Report: US corporations rack up profits in tax havens
The numbers for U.S. corporations’ offshore profits don’t compute, according to a new study from a liberal group.
{mosads}Using IRS data, Citizens for Tax Justice found that the earnings reported by U.S. subsidiaries in the Bahamas, Bermuda, the British Virgin Islands, the Cayman Islands and Luxembourg outpaced those countries’ gross domestic product in 2010.
The other seven countries named in the report are Barbados, Cyprus, Ireland, the Netherlands, the Netherlands Antilles, Singapore and Switzerland.
“It is obviously impossible for American corporations to actually earn profits in a given country that exceed that country’s total output of goods and services,” the report said.
“The only plausible conclusion is that American corporations are engaging in various accounting gimmicks to make large amounts of their profits appear, for tax purposes, to be earned in these dozen tax-haven countries,” the report added.
Under current law, domestic corporations can defer paying taxes on offshore profits until the income is brought to the United States.

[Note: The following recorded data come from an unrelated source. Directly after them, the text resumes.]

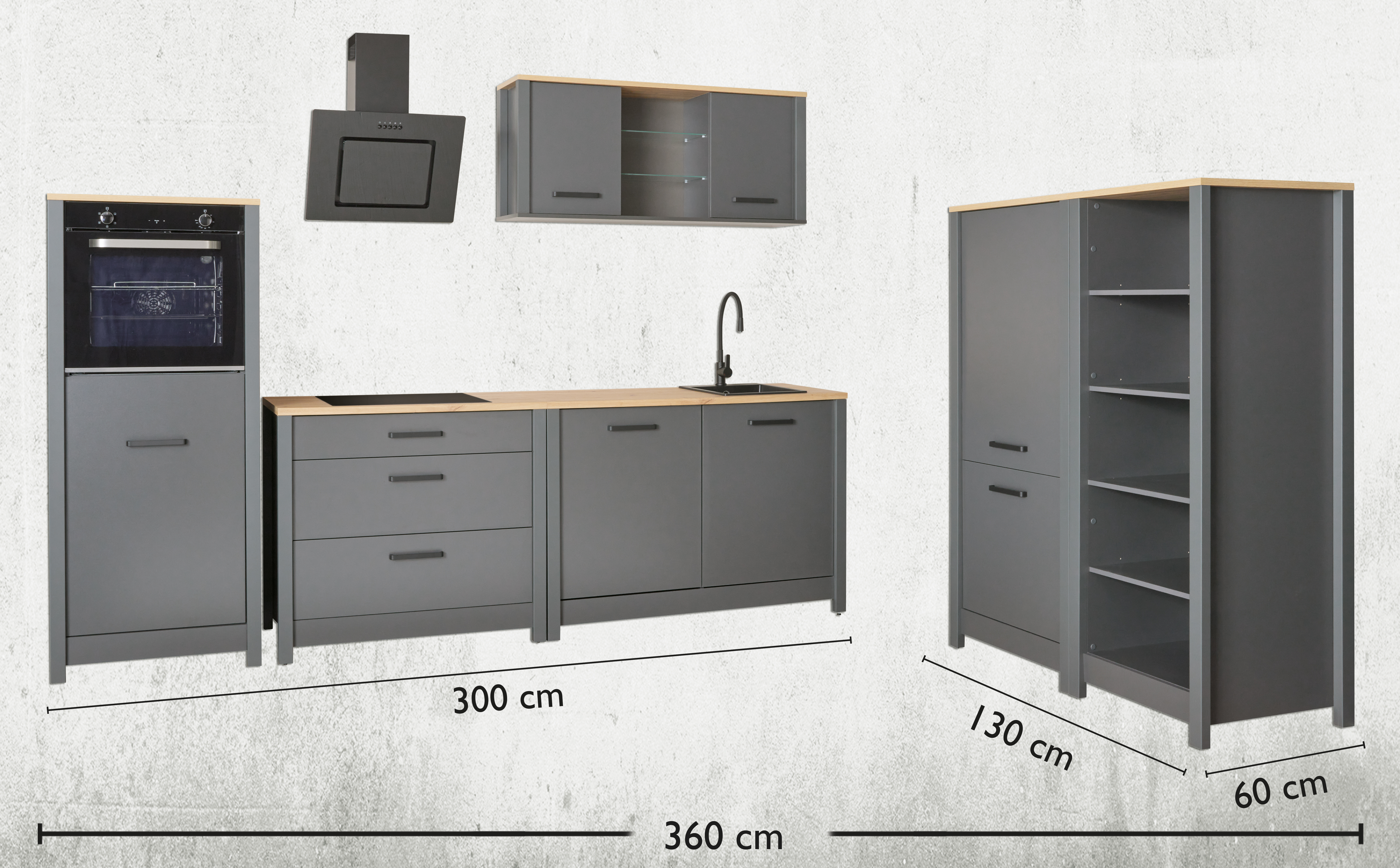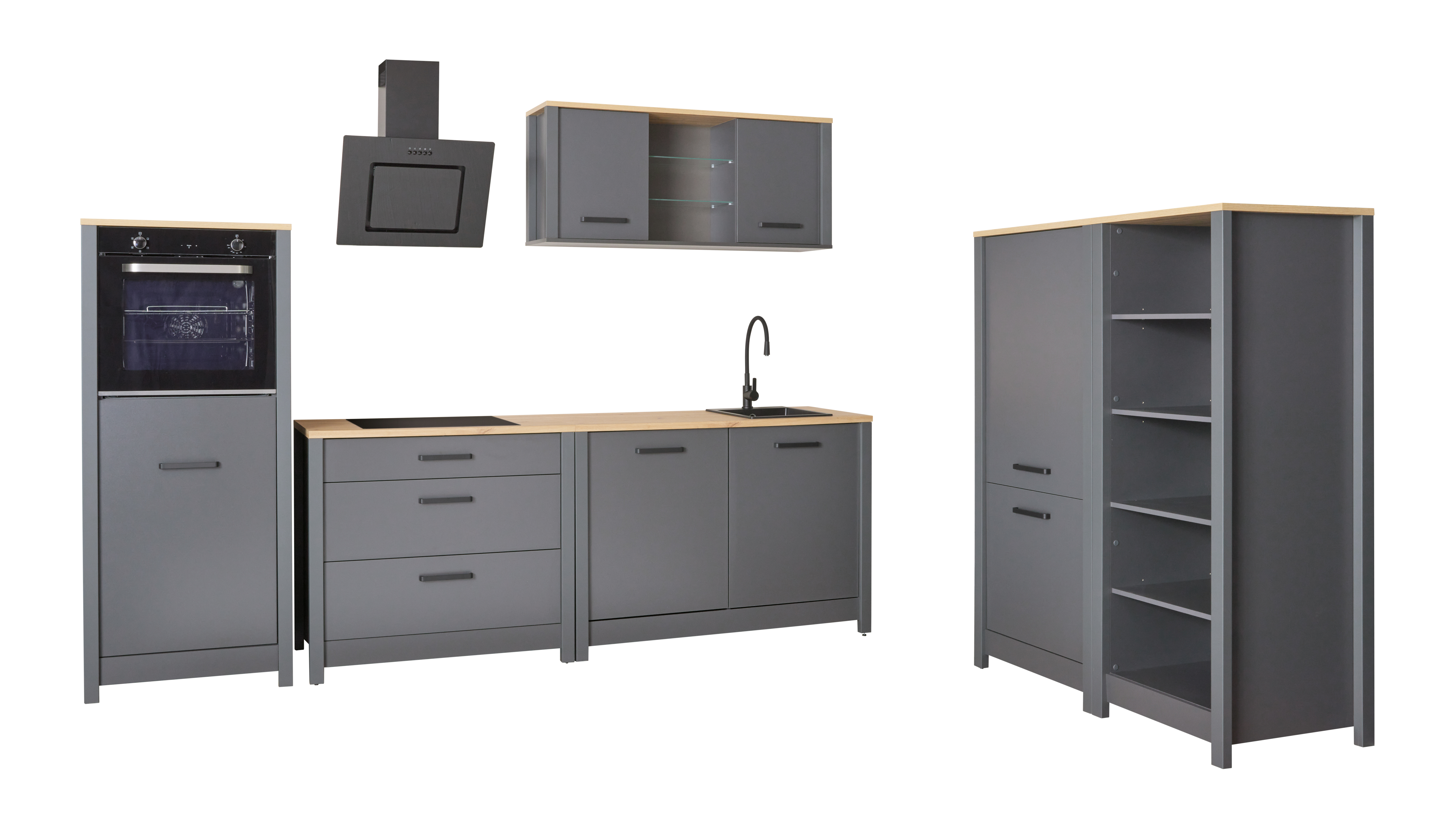 Façade et caisson : MDF (panneaux en fibres de bois de densité moyenne), panneaux de particules ton anthracite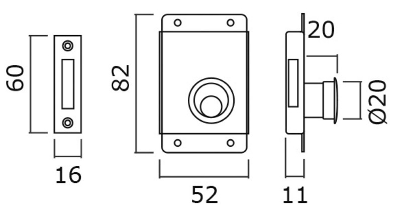Tür- & Schottschloss mit Knopf, 20 mm rechts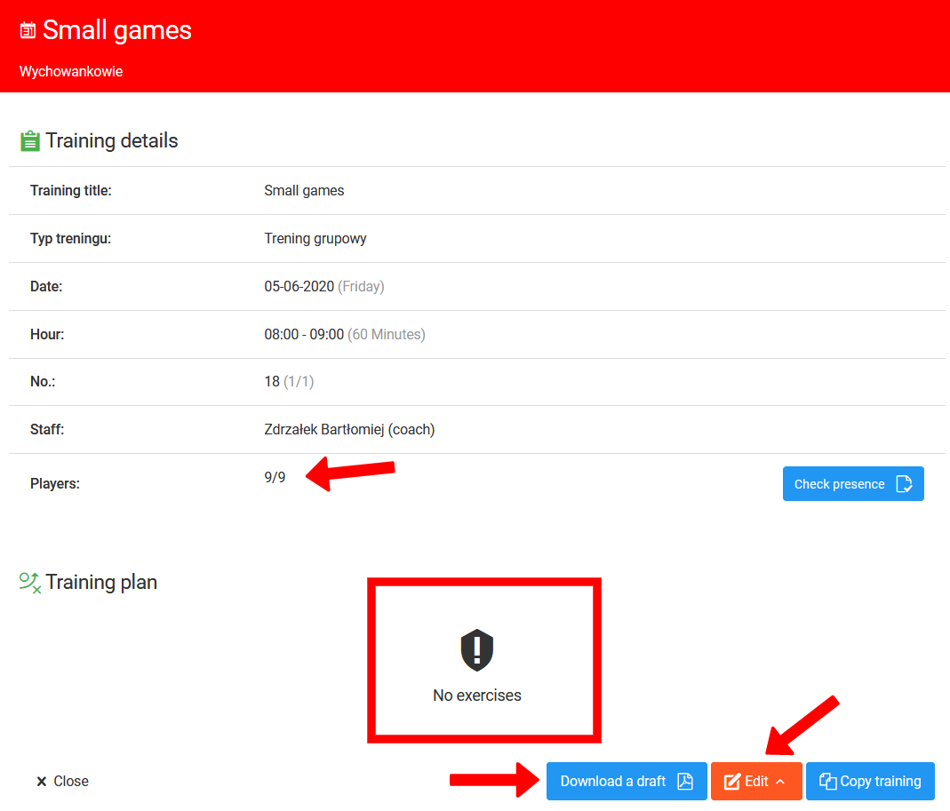 Eine weitere wichtige Funktion, die Sie in Ihrem Vereinskalender finden, ist die Möglichkeit, die Details jedes hinzugefügten Trainings zu kontrollieren. Wenn Sie im Kalender auf eine Trainingseinheit klicken, sehen Sie ein Fenster mit den Details der Einheit. Sehr schnell können Sie überprüfen, ob der Trainer einen Entwurf vorbereitet oder die Anwesenheit kontrolliert hat.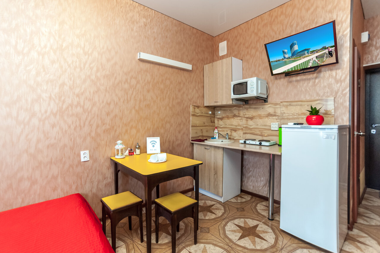 Гостиница соответствует представленным требованиям. Очень вежливый персонал, отзывчивый, всегда окажут помощь в любом вопросе. Уборка в номерах каждый день, всё чисто и опрятно, смена белья происходит своевременно. Рядом с гостиницей имеется парковка (оснащена видеонаблюдением), проблем с тем где оставить свой автомобиль не возникнет. По удобствам: холодная, горячая вода есть, туалет в номере, душ. Также в номере имеется плита (есть возможность приготовить покушать), холодильник, телевизор и микроволновая печь. Также есть кондиционер 🙂 . Рядом с гостиницей, в пределах 10-ти минут ТРЦ ‘Красная площадь’, ТЦ ‘Метро’.

Republicans and business advocates have proposed shifting the U.S. to a so-called territorial system, which would further limit the amount of taxes corporations would pay on offshore income.
Corporations’ offshore tax practices have come under further scrutiny recently after the drug giant Pfizer tried to take over the British pharmaceutical company AstraZeneca, in a deal that would have allowed Pfizer to slash its tax bill.